Comparison of Trastuzumab Products
| Product Name | Type | Suffix | First U.S. Approval |
|---|---|---|---|
| Herceptin | Reference Product | N/A | September 1998 [1.2.7] |
| Ogivri | Biosimilar | -dkst | December 2017 [1.8.1, 1.8.5] |
| Herzuma | Biosimilar | -pkrb | December 2018 [1.8.1, 1.8.5] |
| Ontruzant | Biosimilar | -dttb | January 2019 [1.8.1, 1.8.5] |
| Trazimera | Biosimilar | -qyyp | March 2019 [1.8.1, 1.8.5] |
| Kanjinti | Biosimilar | -anns | June 2019 [1.8.1, 1.8.5] |
| Hercessi | Biosimilar | -strf | April 2024 [1.8.2, 1.8.3] |
Potential Side Effects and Management
Like all potent medications, trastuzumab and its biosimilars can cause side effects. It is critical for patients to be monitored closely by their healthcare team. Common side effects include headaches, nausea, diarrhea, and trouble sleeping [1.2.1].

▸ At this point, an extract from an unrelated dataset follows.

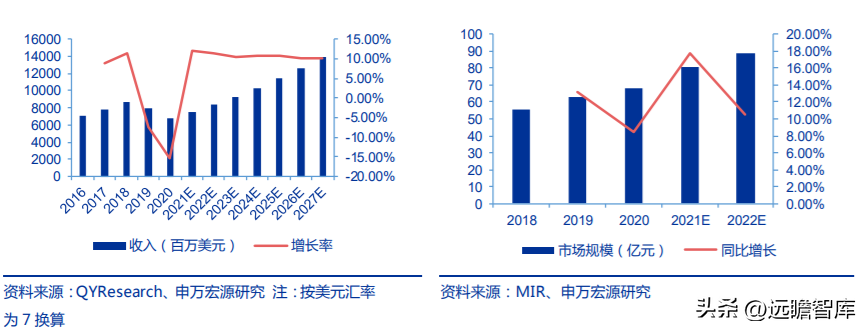 根據(jù) QYResearch 數(shù)據(jù),2020 年五軸數(shù)控機(jī)床市場(chǎng)銷(xiāo)售額為67.5 億美元(折合人民幣485 億元),預(yù)計(jì)2027 年將達(dá)到138 億美元,2021-2027 年 CAGR 為 10.58%。根據(jù) MIR 數(shù)據(jù),2020 年中國(guó)五軸數(shù)控機(jī)床市場(chǎng)規(guī)模為 68.2 億元。
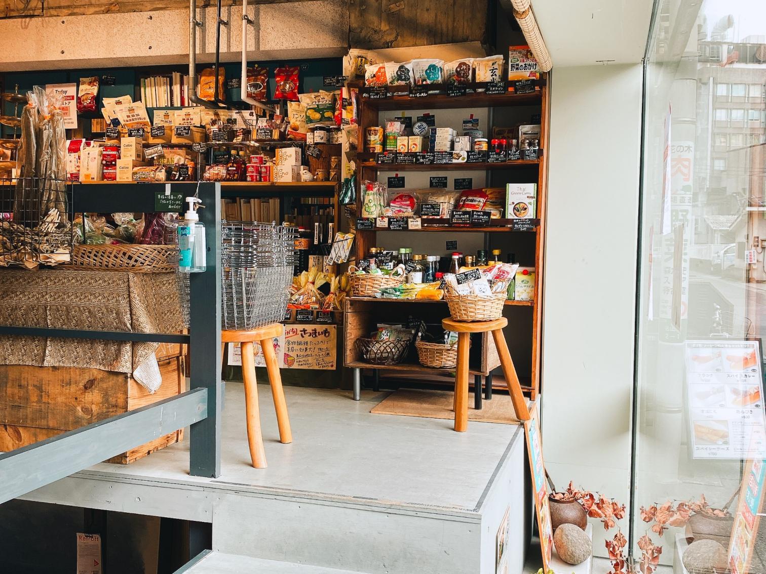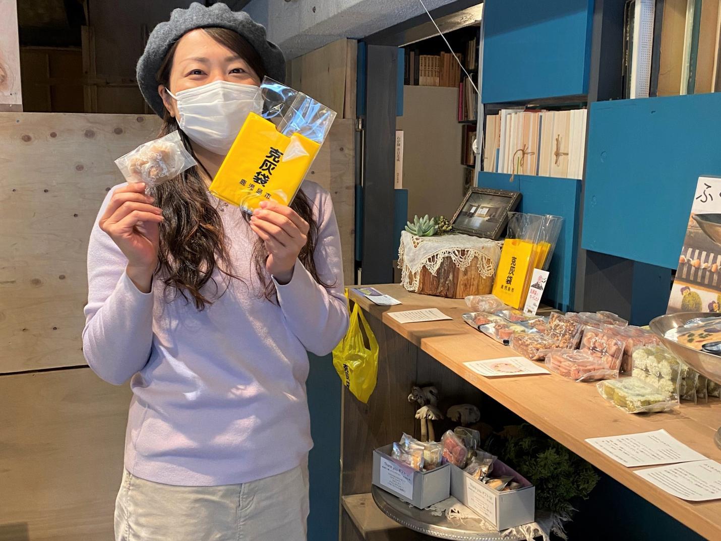 喝杯咖啡休息過後,將迷你吉普車停在停車場,到名山地區散步。來到翻新過的老建築‧Retroft千歲大樓,在「農園食堂 森之家族」附設的「森家族商店」挑選伴手禮吧!店裡主要販售有機蔬菜和加工品,其中值得關注的是將鹿兒島鄉土點心發揮巧思創新的餅乾「FUKU+RE」。買來的點心裝在用來裝櫻島火山灰、鹿兒島特有的「克灰袋」迷你版小袋子,送給親朋好友,對方一定會笑得樂不可支吧!

More serious potential side effects involve:
- Heart Problems: Trastuzumab can lead to cardiac issues, including congestive heart failure. Heart function is typically monitored before and during treatment [1.6.6].
- Infusion Reactions: Fever and chills can occur, especially with the first infusion. More severe reactions like shortness of breath or low blood pressure are rare but possible [1.6.6].
- Lung Problems: In some cases, lung toxicity can occur. Any new or worsening cough or shortness of breath should be reported to a doctor immediately [1.6.6].
- Low White Blood Cell Count: This can increase the risk of infection. Patients should watch for signs of infection like fever or chills [1.6.6].
Exposure to trastuzumab during pregnancy can harm an unborn baby, so effective contraception is required during and for seven months after treatment [1.5.2].
Conclusion
In summary, another name for trastuzumab is its original brand name, Herceptin. Additionally, several biosimilar versions, such as Kanjinti, Ogivri, Herzuma, Ontruzant, Trazimera, and Hercessi, are now available [1.2.1, 1.8.5]. These biosimilars have been rigorously tested and approved by the FDA, offering safe, effective, and often more affordable alternatives for treating HER2-positive cancers [1.7.2]. The availability of these different names for the same core medication reflects the evolution of cancer treatment, providing more options for physicians and patients.
Authoritative Link: For more detailed information on trastuzumab and its biosimilars, visit the National Cancer Institute [1.2.5].